I’m sick. I am not deathly ill or anything. Just this viral flu-ey thing that I could probably muddle on with except that I don’t really feel like muddling on. I feel like resting. So I am resting.
It’s scary to do this. I have been thinking about that and several other things amidst the resting.
I am sick, and I want to take care of myself more for emotional reasons than physical reasons. Sickness is very triggering. There are lots of other triggers in my life that I can’t do anything about: there are power tools going all day, the Literary Club has an event coming up that I have been organizing in VP Ma’am’s absence, then VP Ma’am came back all atwitter because she suddenly realized she has money problems due to her husband’s death last year—he left her with a lot of debts and then died, depriving her of his pension, because there is no concept of spousal benefits here after a partner dies. Meanwhile, the interest is compounding.
Her being atwitter makes me stressed, because she randomly attacks me. She might have always randomly attacked me, but anyway I have put it together now. So I am constantly braced for it whenever she makes an appearance. She may randomly attack me now. I have no idea. It would not matter, except that it’s so triggering for me, to have someone feel actual malice for me. She has also asked to borrow a whole bunch of money. Unfortunately she knows I am paying for a college loan with savings I have in the US, and she has no concept of money for me, or that she is asking for an enormous sum. She has promised to pay it back in November, which is just a few months away, because I know financially that I am going to struggle quite a lot next year. I am making a significant sacrifice to come back to Country X in 2018 in hopes that this will help C, because for 12 months it will essentially make me unhireable. VP Ma’am said very lightly, “Oh, your sister is there. You don’t need to worry. You can borrow money from her.” But she has no concept that my sister has two small kids, works part time, just went through a divorce last year which is always expensive (and lost the house in the process), and loaning me money would cause my sister no end of stress. VP Ma’am seems to have no concept that in the West we do not merely transfer our problems to other people, and it is not acceptable for me to help VP Ma’am at the expense of my sister, and that I feel comfortable making a sacrifice for C only if this does not really affect other people too profoundly.
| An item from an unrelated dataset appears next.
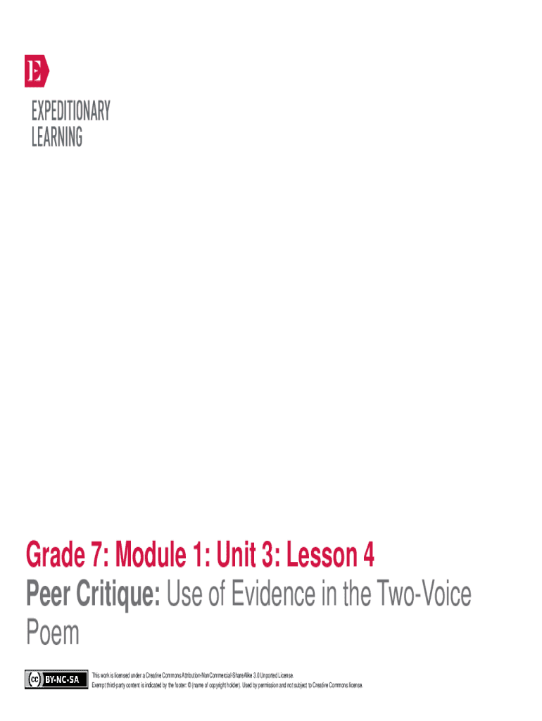 Grade 7: Module 1: Unit 3: Lesson 4 Peer Critique: Use of Evidence in the TwoVoice Poem This work is licensed under a Creative Commons AttributionNonCommercialShareAlike 3.0 Unported License. Exempt

The fact is that actually I have no way to withdraw money from that account. There ought to be a way, but there isn’t. After 3 years, I have completely forgotten the code for my debit card (which is in the US). I am pretty sure it is written down somewhere, but I don’t know where, and no one has been able to find it. I have designated a friend as having Financial Power of Attorney and she has the documents to prove this, as does the bank, but they do not seem to care. I have been through all this because twice now I have had to activate a new debit card and the first time around, it would not work until we finally realized it was linked to a different phone number and all that needed to be done was to call from a different phone.
I did sort of tell her this, and she pressed me. The thing about Country X is that no does not really mean no. It means you need to get all upset and emotional so that I give in. It’s basically an extension of the tantrum, which you see in action here among small kids. The parent says no, the child tantrums, and the parent switches to yes. Meanwhile, Country X parents frequently complain about their kids being badly behaved. Well, why is that? Because no has never meant no, and your child spends a lot of time trying to figure out how to get no to mean yes.
So I am stressed about this, because I will have to tell her clearly no and I half expect a grownup tantrum. It’s nice for me that I do have this ironclad reason that the answer is no, and not just that the amount of stress loaning that amount of money to someone is not worth it, if you feel you can get the money you need in two months anyway.
Anyway, the fact is that I can’t really handle all the triggers at once. The hard part about being sick is that it is a trigger, so I get to try to process the trigger of being sick while feeling less than 100%. Also, they are using power tools again across the street, and so I am not really able to rest. I am able to lie on the couch with that pain in my stomach that I think is a baby screaming, trying to cope with that and be sick, but at least minus all of the other stresses. Not the Literary activity, not my students, not VP Ma’am’s random attacks.